8. Annual reporting requirements. Under Section 6001(a), an annual report must be submitted to CMS describing direct and indirect ownership and investment interests by physicians in a physician-owned hospital. This report must contain (i) a detailed description of the identity of each physician owner and of other owners or investors in the hospital and (ii) a detailed description of the nature and extent of all ownership and investment interests in the hospitals. Indirect ownership of interests in the hospital by immediate family members must also be disclosed in this report. CMS has decided to delay implementation of this report, and instead focus on implementation of the other requirements of Section 6001. CMS has not provided an anticipated implementation date related to this reporting requirement. Hospitals should monitor any updates related to this requirement and ensure that each hospital is prepared to comply if and when CMS finalizes this disclosure requirement.
9. Enforcement and audits. The secretary of the Department of Health and Human Services is required to establish policies and procedures to ensure compliance with the Section 6001 requirements and may perform unannounced site reviews of physician-owned hospitals. By not later than May 1, 2012, the Secretary is also required to conduct audits to determine if physician-owned hospitals are in compliance with Section 6001. If a hospital undergoes a site review or audit by CMS or the Office of Inspector General, the opportunity to remedy any issues and minimize potential liability has generally passed. Thus, we recommend that our hospital clients perform periodic internal audits to appropriately prepare for an outside audit or investigation and minimize exposure to the maximum extent possible.

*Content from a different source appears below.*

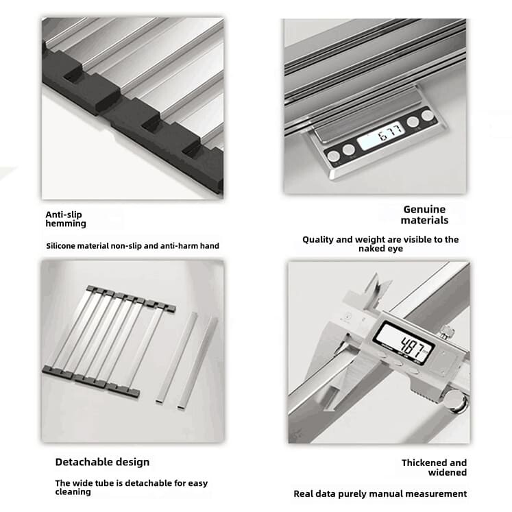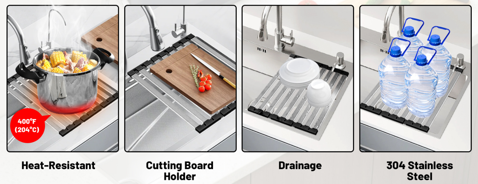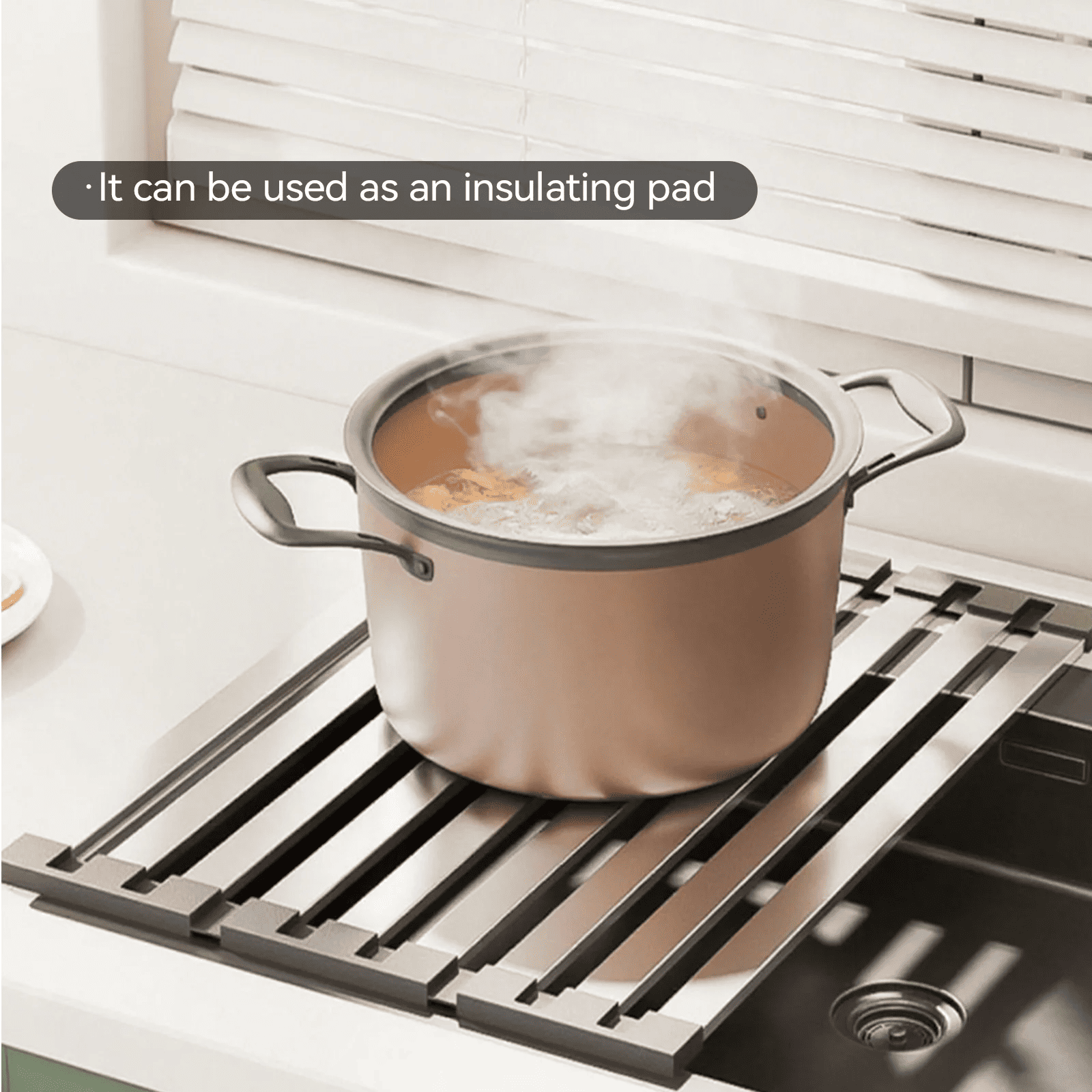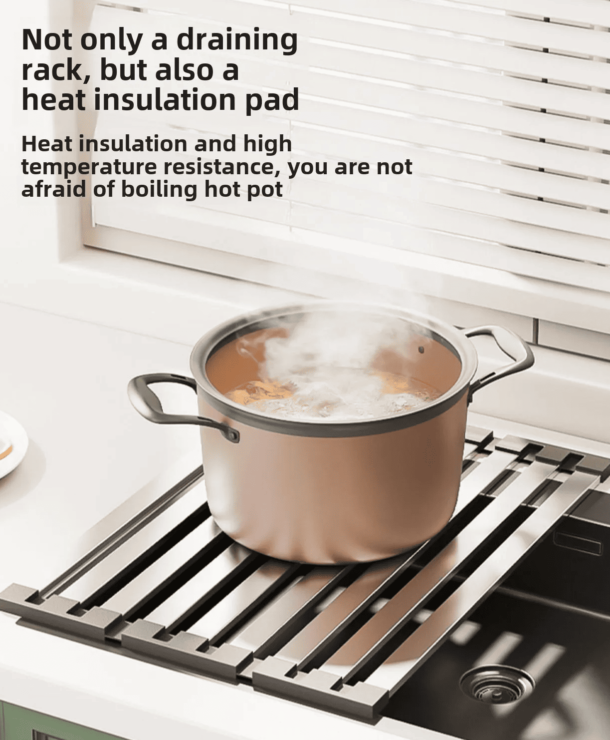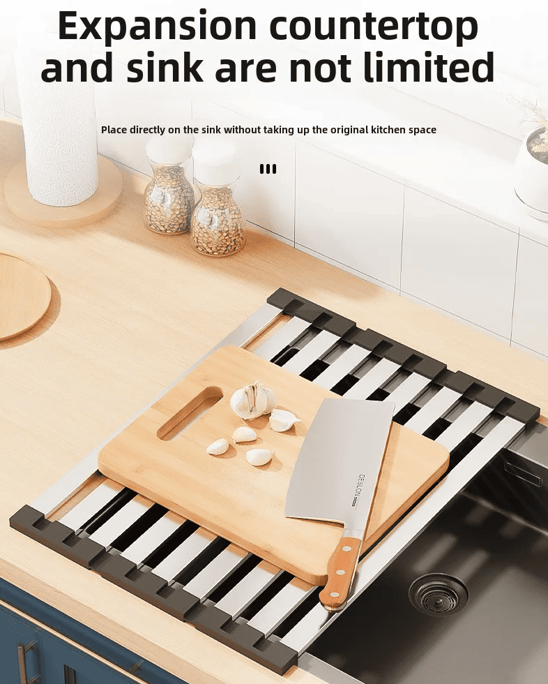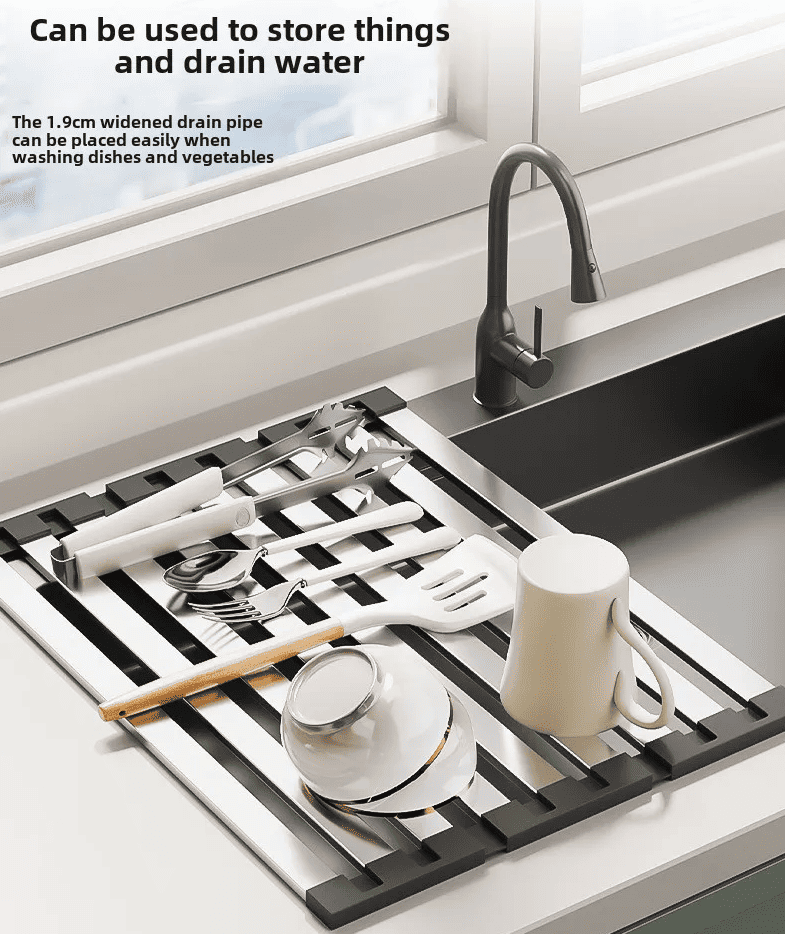 Versatile Functionality: This multi-purpose rack serves as a drainer for kitchen utensils, a water controller for fruits and vegetables, a cutting board, or a pot mat.

10. Medical device supply relationships. Physician-owned distributorships or PODs present particular regulatory concern under the Anti-Kickback Statute, particularly if their primary source of revenue is from physician-owner referrals. The OIG has included specific discussion in the 2012 OIG Work Plan related to spinal implant PODs. The OIG will be investigating PODs in 2012 and notes, "Congress has expressed concern that PODs could create conflicts of interest and safety concerns for patients." Physician-owned hospitals should determine whether they are a party to any supply relationships with PODs and perform a risk assessment to determine whether the level of risk presented by such a relationship is acceptable to the board and owners.